Therefore, many commercial software such as OMEGA, ConfGen, iCon, MOE Stochastic and MED-3DMC etc. derived from above mentioned conformer generating methods [Friedrich N-O, de Bruyn Kops C, Flachsenberg F, et al. Benchmarking commercial conformer ensemble generators. Journal of chemical information and modeling, 2017, 57(11): 2719-2728.][Sperandio O, Souaille M, Delfaud F, et al. MED-3DMC: A new tool to generate 3D conformation ensembles of small molecules with a Monte Carlo sampling of the conformational space. European journal of medicinal chemistry, 2009, 44(4): 1405-1409.] [***] usually can only provide accurate conformations of small molecules. With the incresing of moelcular sizes, the computauinal amount of refining or screening molecular conformations exponentially growths. For the large molecules comprising many rotatable bonds that result in flexible conformation changes and many feasible conformations in nature, generating their conformations which are stable and actual presence remains very challenging [Xu M, Luo S, Bengio Y, et al. Learning neural generative dynamics for molecular conformation generation. arXiv preprint arXiv:210210240, 2021.].

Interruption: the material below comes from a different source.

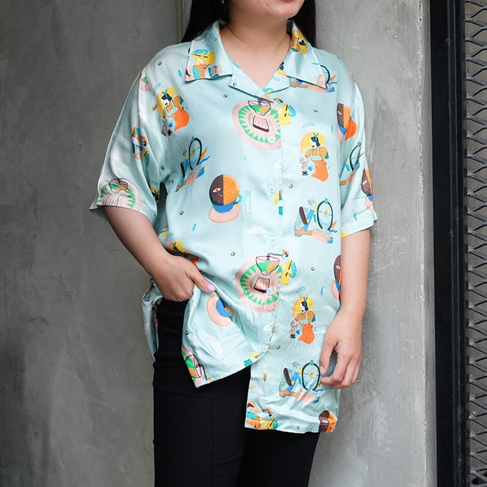 Otten - Kemeja Bowling Neck Shirt (Light Green) - Size - XL

The development of artificial intelligence (AI)technique in recent decades provide new approaches for designing molecular conformations based on data bases. Some remarkable achievememnts have been obtained. For example, Google Co. [Jumper J, Evans R, Pritzel A, et al. Highly accurate protein structure prediction with AlphaFold. Nature, 2021, 596(7873): 583-589.]developed a neural network model of AlphaFold. The coordinates of heavy atoms in proteins predicted by the AlphaFold have the accuracy, which are comparable to experimental results in most cases and are greatly better than the accuracy of other methods. The latest version of AlphaFold integrates the physical and biological knowledges on proteins and applies multiple management arrangement into designing deep-learning algorithms. The machine learning method GEOMOL advanced by MIT (Massachusetts Institute of Technology)[Ganea O, Pattanaik L, Coley C, et al. Geomol: Torsional geometric generation of molecular 3d conformer ensembles. Advances in Neural Information Processing Systems, 2021, 34: 13757-13769.] can generate 3D conformation distribution with low energy, and predict 3D structures and tortion angels of local atoms. It avoids unnecessary hyperparameterization. In most occations, GEOMOL is advantaged to the popular open-source algorithms, algorithms used in commercial softwares or newest machine-learning (ML) models from the points of prediction accuracy and operation speed. Baidu Co.[Fang X, Liu L, Lei J, et al. Geometry-enhanced molecular representation learning for property prediction. Nature Machine Intelligence, 2022, 4(2): 127-134.]also achieved breakthrough developments in the fields of applying graph newrual network (GNN) to simulate 3D conformations of molecules. A novel geometry-enhanced molecular representation learning method (GEM) including several dedicated geometry-level self-supervised learning strategies was designed based on GNN architecture to learn the molecular geometry knowledge. The results of using GEM to evaluate molecular properties of different databases show that the prediction of GEM for many basic data significantly exceed comparative benchmarks.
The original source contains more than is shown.